Abstract

Efforts to map atomic-scale chemistry at low doses with minimal noise using electron microscopes are fundamentally limited by inelastic interactions. Here, fused multi-modal electron microscopy offers high signal-to-noise ratio (SNR) recovery of material chemistry at nano- and atomic-resolution by coupling correlated information encoded within both elastic scattering (high-angle annular dark-field (HAADF)) and inelastic spectroscopic signals (electron energy loss (EELS) or energy-dispersive x-ray (EDX)). By linking these simultaneously acquired signals, or modalities, the chemical distribution within nanomaterials can be imaged at significantly lower doses with existing detector hardware.

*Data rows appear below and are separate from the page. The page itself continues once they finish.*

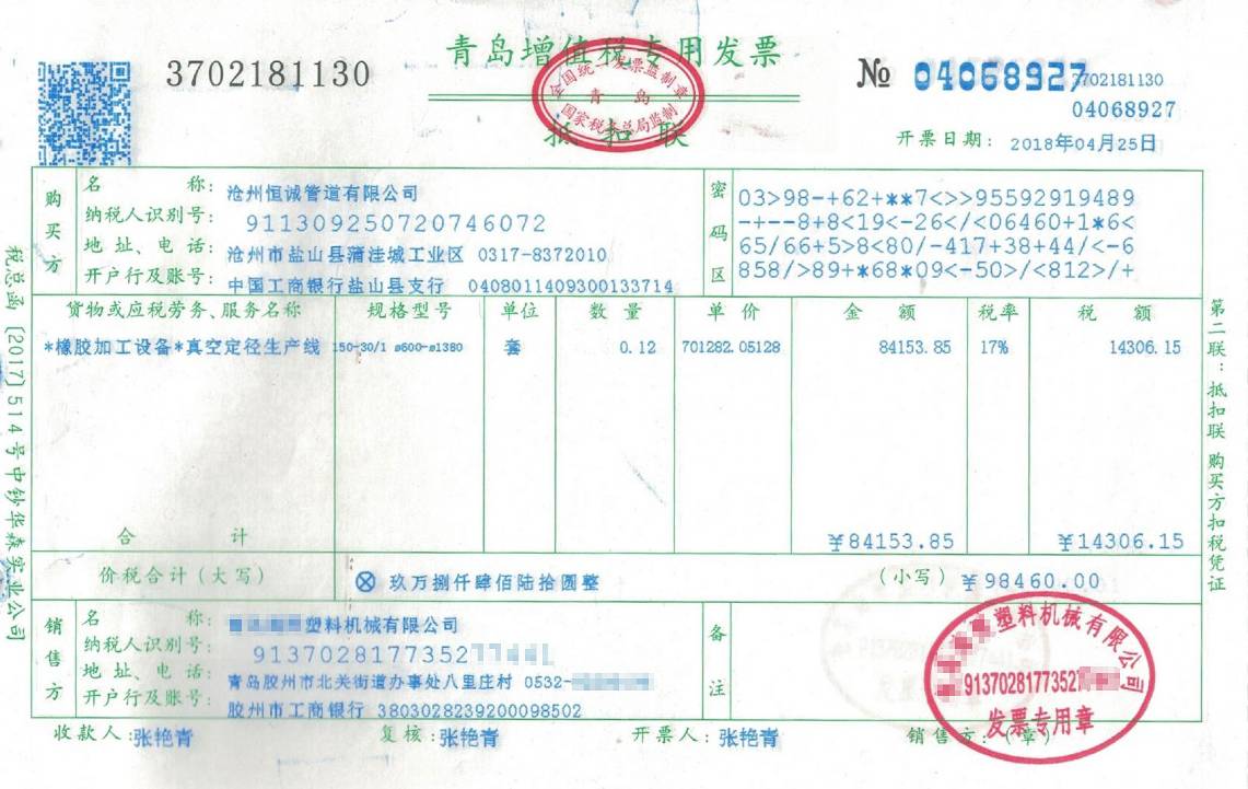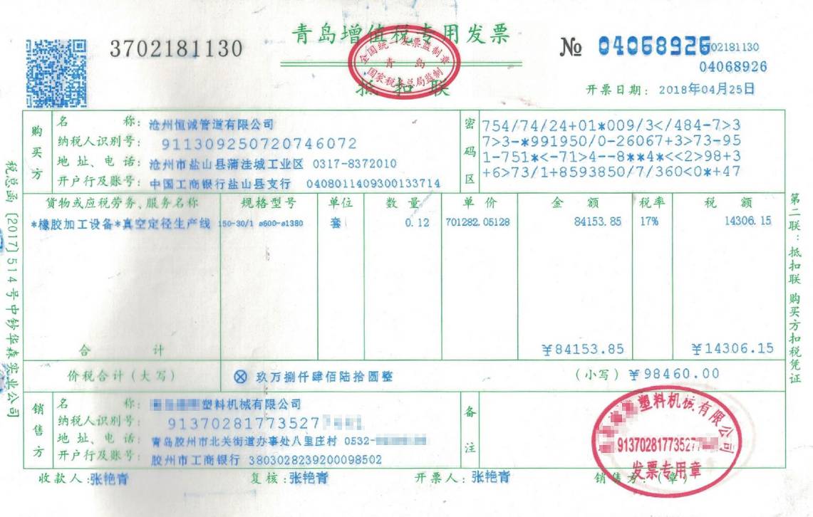 保溫皮套管擠出機設備發(fā)票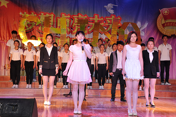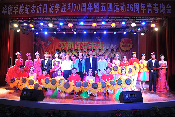5月4日晚,由院团委主办的纪念抗日战争胜利70周年暨五四运动96周年青春诗会在大学生活动中心举办。共青团信阳市委书记赵君峰,我院党委书记张莉、艺术系副主任潘传柏、院长办公室副主任张富庄、党委办公室副主任张俊忠、宣传部副部长陈杰、团委副书记胡秀云及各系党总支副书记、团总支书记、辅导员和600余名学生代表共同观看了本场诗会。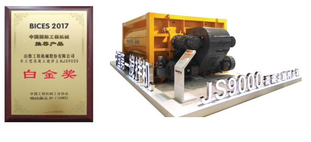 2017 BICES展上其憑借完美的外觀設計、無油軸端密封技術(shù)、雙料門結(jié)構(gòu)、軸端密封檢測技術(shù)、混凝土溫度及塌落度在線檢測裝置等多項核心專利技術(shù)獲得行業(yè)的認同、用戶的認可,相信在后續(xù)的使用中,JS9000水工型混凝土攪拌主機必將承擔重任,大放異彩!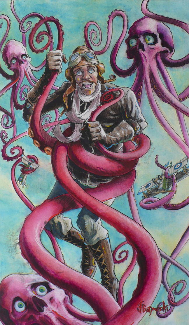 octopus, world war one, ww1, wwi, WWI, pilot, monster, biplane, war, dog fight, fucked, enemies, friends, animals, tentacles, battle, godzilla, gamera, comics, pencils, inks, gouache, watercolor,

In many cases, the dose requirements can be reduced by over one order of magnitude. This high SNR recovery of chemistry is tested against simulated and experimental atomic resolution data of heterogeneous nanomaterials.

Highlights

  • Modern scanning transmission electron microscopes (STEM) can focus sub-angstrom electron beams on and between atoms to quantify structure and chemistry in real space from elastic and inelastic scattering processes

  • The chemical composition of specimens is revealed by spectroscopic techniques produced from inelastic interactions in the form of energy-dispersive X-rays (EDX)[1,2] or electron energy loss (EELS)[3,4]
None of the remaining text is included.